In the spring of 1982, Christopher Graeff began designing a house for the Turners (Ralph, Phyllis and Ruth). The site is at an elevation just under 1000 feet on the east side of the Coast range in Yamhill County, Oregon, north of the villages of Sheridan and Willamina.  The program was developed by the occupants, a couple and the mother of Ralph Turner. The program required a ‘bermed’ dwelling, of low maintenance of masonry construction, with as much exposure to sunlight as possible (in an area of much cloudiness and rain and cool summers).  The apartment for Ruth Turner was to be adjacent but somewhat separate. A large square footage was more important than expensive materials.

The architect came up with the idea of a mostly underground house of concrete block and concrete and glass with a earthen roof.  A large room (‘hex hall’) would protrude above the other earth sheltered part and the east and west ends would be partially exposed block.  Dark tile was recommended for the floor and the whole south side of the long house (110’) would be mainly glass which would admit the sunlight.  Some light wells were included over the two kitchens and the entry to bring natural light into the back of the house.

Construction began with removal of some soil down to a rocky subsoil in April 1982.  Subcontracting included a block layer, a plumber, some laborers at specific times, concrete finishers window installers, and a roofer for Hex Hall.  A true 8” wall was poured at the back of the house (North side), with much reinforcement and generally much concrete was included coming to over 300 cubic feet all told. Parking garage shoring of galvanized steel was used for the ceilings in all but the large room and over this was poured 8” of concrete, all in one day. 

Photographs of the process were made at most stages of construction. Some volunteers and family members helped at various times.

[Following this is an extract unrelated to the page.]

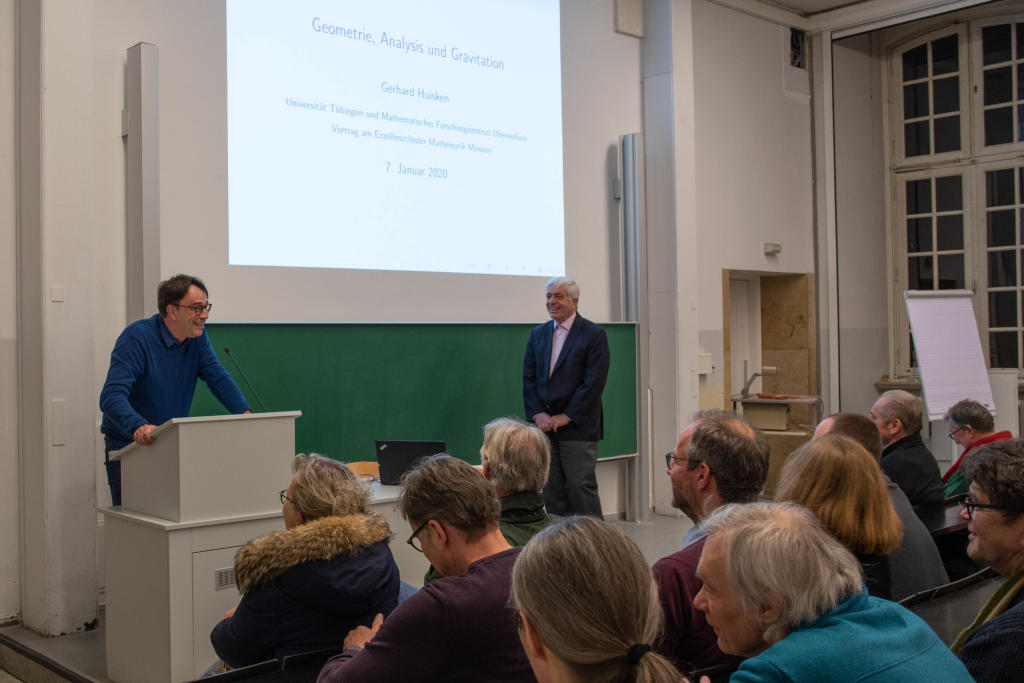 Um „Geometrie, Analysis und Gravitation“ ging es in der zweiten Veranstaltung der Reihe „Brücken in der Mathematik“ am 7. Januar 2020. Prof. Dr. Gerhard Huisken nahm die mehr als 200 Besucherinnen und Besucher mit auf eine Reise durch 2000 Jahre Wissenschaftsgeschichte.

Ruth Turner moved in to the building in 1984 and Ralph and Phyllis began sleeping in the building that year, but did not move down completely from the existing mobile home until the following year.  The building was completely enclosed by 1986 but much work remained and in fact is not complete as of 2005.  A solar collector was added on the ‘roof’ in 1988 to preheat the water which was also routed through the wood furnace. A geothermal furnace replaced the original wood furnace in 1995 and it often also serves to heat the water..  The dark tile floor was not installed until 2004 over the concrete subfloor. But it has been quite liveable during the 20 years between.